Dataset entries
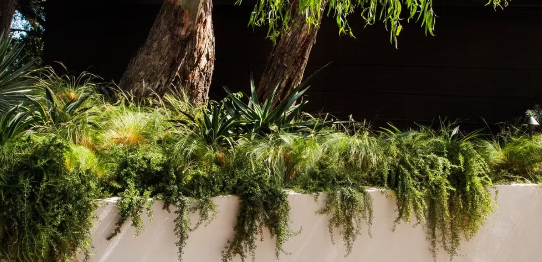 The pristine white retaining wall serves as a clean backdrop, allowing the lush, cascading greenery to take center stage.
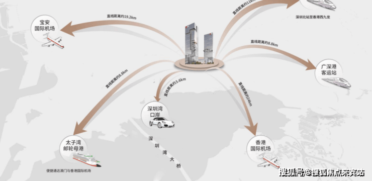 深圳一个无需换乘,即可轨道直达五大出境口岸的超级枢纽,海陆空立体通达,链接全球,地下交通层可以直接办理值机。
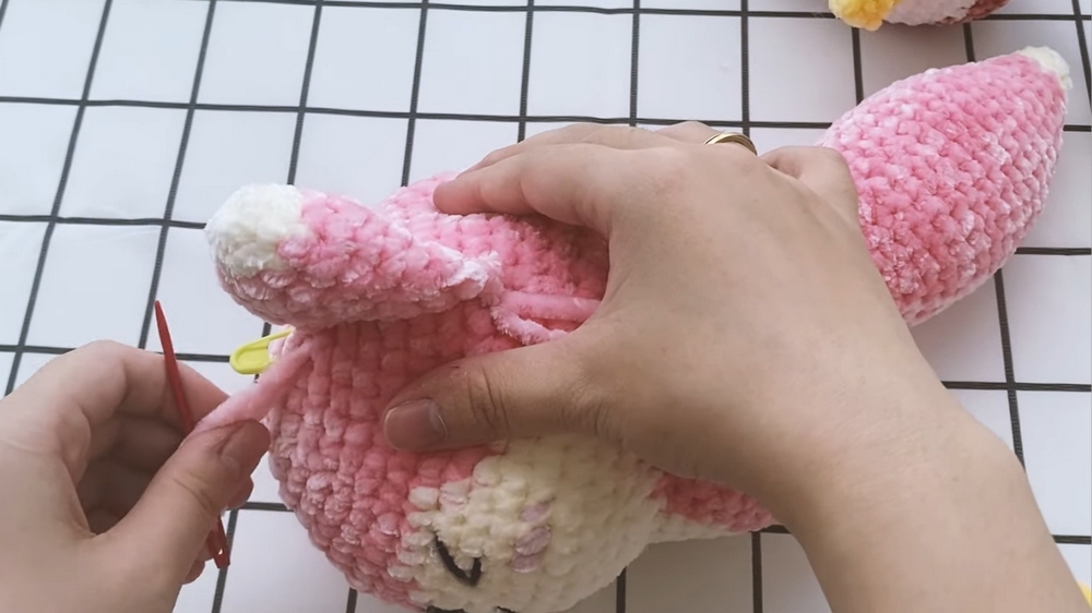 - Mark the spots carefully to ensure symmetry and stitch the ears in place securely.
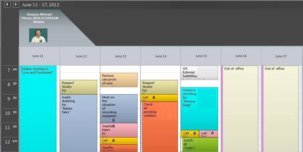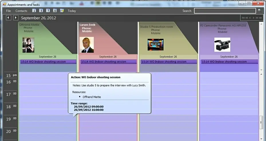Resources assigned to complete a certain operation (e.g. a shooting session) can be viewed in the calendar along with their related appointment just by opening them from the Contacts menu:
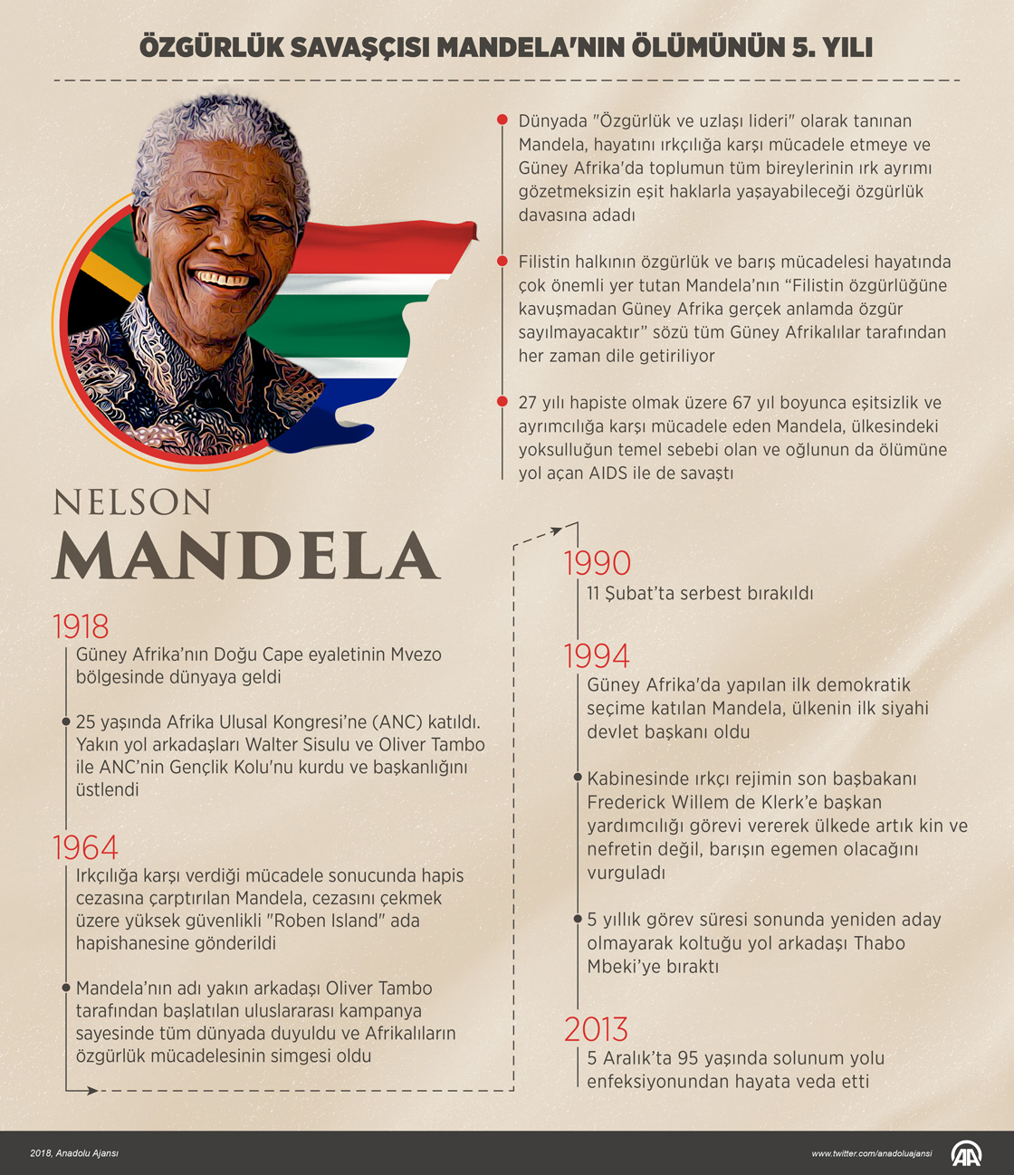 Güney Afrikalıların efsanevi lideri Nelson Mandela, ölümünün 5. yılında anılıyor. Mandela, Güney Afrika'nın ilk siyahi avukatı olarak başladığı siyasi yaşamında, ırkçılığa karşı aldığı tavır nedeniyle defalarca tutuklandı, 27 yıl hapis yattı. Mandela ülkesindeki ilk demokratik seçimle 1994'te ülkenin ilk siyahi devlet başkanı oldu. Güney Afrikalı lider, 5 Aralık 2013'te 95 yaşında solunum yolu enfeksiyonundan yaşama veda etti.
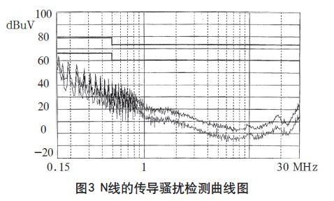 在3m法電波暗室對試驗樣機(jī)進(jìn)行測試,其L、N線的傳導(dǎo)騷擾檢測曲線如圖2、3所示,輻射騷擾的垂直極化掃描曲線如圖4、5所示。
--
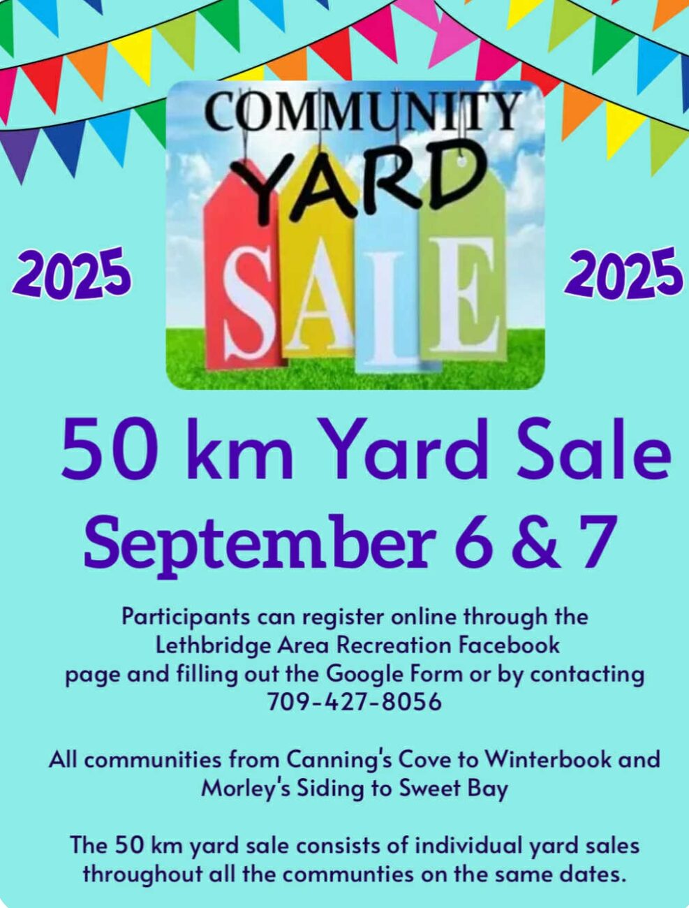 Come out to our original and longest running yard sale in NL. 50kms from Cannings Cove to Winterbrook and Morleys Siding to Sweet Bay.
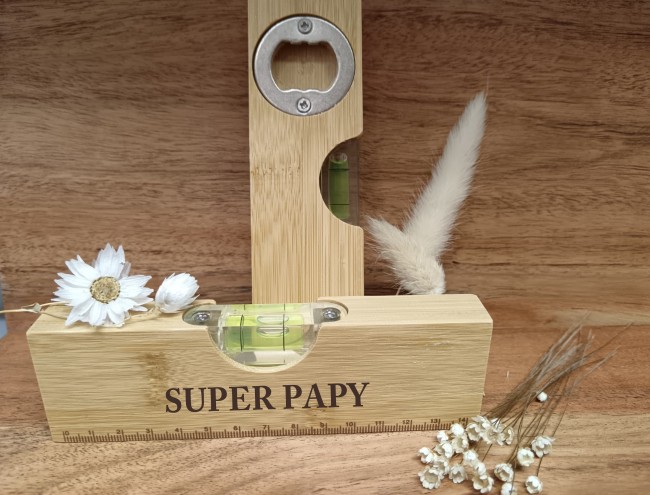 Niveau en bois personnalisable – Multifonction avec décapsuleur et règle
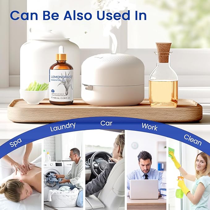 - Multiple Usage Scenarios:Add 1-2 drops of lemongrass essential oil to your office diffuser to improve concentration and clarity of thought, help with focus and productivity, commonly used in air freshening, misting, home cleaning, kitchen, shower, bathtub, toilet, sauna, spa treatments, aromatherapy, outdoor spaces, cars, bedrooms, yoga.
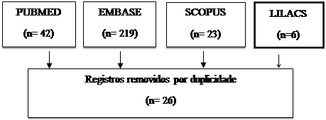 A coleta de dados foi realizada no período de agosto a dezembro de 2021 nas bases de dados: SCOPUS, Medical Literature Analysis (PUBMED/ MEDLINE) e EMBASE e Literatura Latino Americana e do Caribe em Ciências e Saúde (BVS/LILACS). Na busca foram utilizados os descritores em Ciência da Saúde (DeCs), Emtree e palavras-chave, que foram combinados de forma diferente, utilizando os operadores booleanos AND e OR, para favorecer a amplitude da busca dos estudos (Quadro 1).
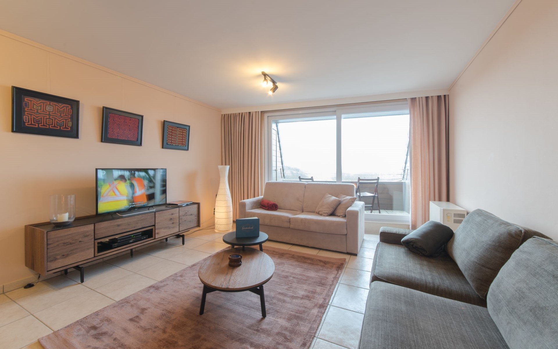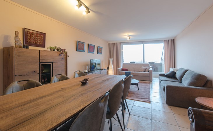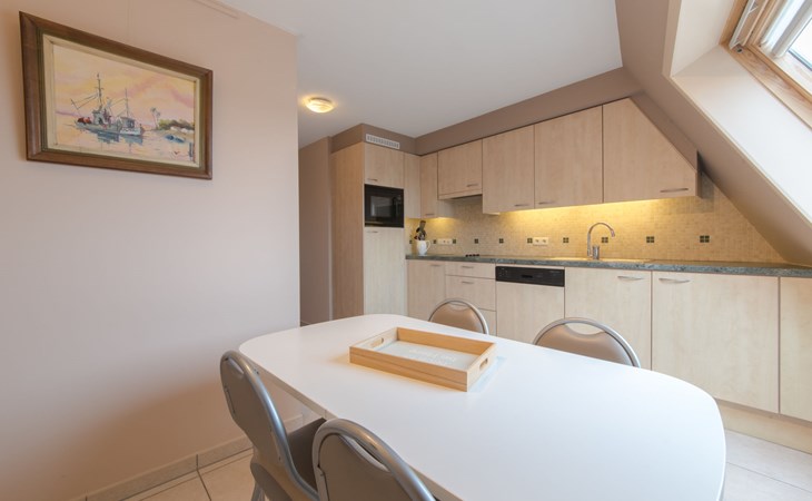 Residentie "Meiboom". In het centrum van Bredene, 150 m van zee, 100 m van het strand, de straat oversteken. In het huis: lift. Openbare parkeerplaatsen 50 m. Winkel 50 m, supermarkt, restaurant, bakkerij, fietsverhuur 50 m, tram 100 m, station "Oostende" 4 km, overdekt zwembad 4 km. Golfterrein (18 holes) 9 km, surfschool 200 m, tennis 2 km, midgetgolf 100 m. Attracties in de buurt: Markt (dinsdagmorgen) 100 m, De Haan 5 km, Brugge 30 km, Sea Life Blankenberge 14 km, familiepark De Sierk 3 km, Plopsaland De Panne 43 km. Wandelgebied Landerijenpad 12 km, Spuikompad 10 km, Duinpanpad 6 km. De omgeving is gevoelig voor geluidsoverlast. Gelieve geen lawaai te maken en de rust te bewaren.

**Task requirements**
Would you output only the span of the records above that opens with the line containing "Niveau en bois" and closes with the line containing "- Multiple Usage", ends included and pictures dropped?

**Answer below**
 Niveau en bois personnalisable – Multifonction avec décapsuleur et règle
 - Multiple Usage Scenarios:Add 1-2 drops of lemongrass essential oil to your office diffuser to improve concentration and clarity of thought, help with focus and productivity, commonly used in air freshening, misting, home cleaning, kitchen, shower, bathtub, toilet, sauna, spa treatments, aromatherapy, outdoor spaces, cars, bedrooms, yoga.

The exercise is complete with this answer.